2026-02-03 23:22:42 -06:00 · 2022-09-16 06:55:42 -07:00
parent 1262c121f0
commit 6523cf0c4b
4 changed files with 25 additions and 20 deletions
--- a/src/documents/classifier.py
+++ b/src/documents/classifier.py
@@ -306,6 +306,12 @@ class DocumentClassifier:
        from nltk.corpus import stopwords
        from nltk.stem import SnowballStemmer

+        import nltk
+
+        # Not really hacky, since it isn't private and is documented, but
+        # set the search path for NLTK data to the single location it should be in
+        nltk.data.path = [settings.NLTK_DIR]
+
        if self.stemmer is None:
            self.stemmer = SnowballStemmer("english")

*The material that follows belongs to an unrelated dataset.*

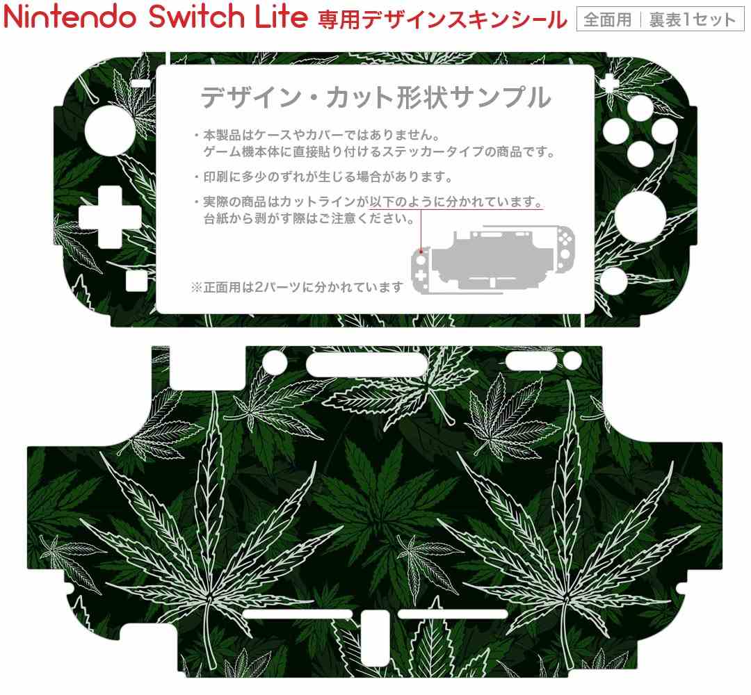 製品名 Nintendo Switch Lite専用 デザインスキンシール セット内容 Nintendo Switch Lite本体用スキンシール(裏表)各1枚 ※液晶側シールは2パーツに分かれていますニンテンドースイッチライト専用です。据え置き機のSwitch本体やJoyコンには対応していません。 商品特徴 3M社製の再剥離性シートを素材に採用し、細かな位置調整がしやすく貼り直しが容易です。また、エアフリーでもありますので気泡が簡単に逃げるので、キレイに貼ることができます。専用の業務プリンターを使い、商品画像と遜色のない美しい印刷仕上がり。 注意事項 画像はサンプルですので、ご覧の環境によっては多少色味に違いを感じる場合がございます。 イメージと違った、モニターと色味が異なるという理由での交換や返金はご対応出来かねます。スキンシールのみの販売で、ニンテンドースイッチ本体などは付属しません。シワができた場合、ドライヤーなどで軽く温め、外側に向けてシワを伸ばすように貼ってください。初回貼付時の位置調整や貼り直しは可能ですが、しっかりと押し付けて接着させた後の再剥離、再利用は保証しておりません。また接着部に油分や汚れが付着しますと角の部分は剥がれやすくなりますので、貼付時はあまり触れないようにご注意ください。無地のセミグロスシートにデザインをプリントした商品で、デコなどの加工はございません。 凹凸や光沢があるように見えたり布地や金属を素材にしたように見える商品もありますが、デザインの図版によるものです。印刷時に微妙な画像のズレが生じる場合がございます。ご注文後に1点1点制作する受注生産品の為、不良品以外のご返品や交換は固くお断りします。 商品発送 完全受注生産のハンドメイド商品となりますので、既製品と比べて発送までお時間を頂いています。 基本的に決済確認後2?3営業日、最大で10営業日での発送となります。繁忙期や休業日明けの場合はさらに時間がかかる場合があります。 その際には別途メールにてご連絡致します。メール便の場合、発送日から到着までに2?4日ほどかかる場合が多く、紛失などの保障もご対応できかねます。あらかじめご了承下さい。

--- a/src/paperless/settings.py
+++ b/src/paperless/settings.py
@@ -84,6 +84,8 @@ THUMBNAIL_DIR = os.path.join(MEDIA_ROOT, "documents", "thumbnails")

 DATA_DIR = __get_path("PAPERLESS_DATA_DIR", os.path.join(BASE_DIR, "..", "data"))

+NLTK_DIR = os.path.join(DATA_DIR, "nltk")
+
 TRASH_DIR = os.getenv("PAPERLESS_TRASH_DIR")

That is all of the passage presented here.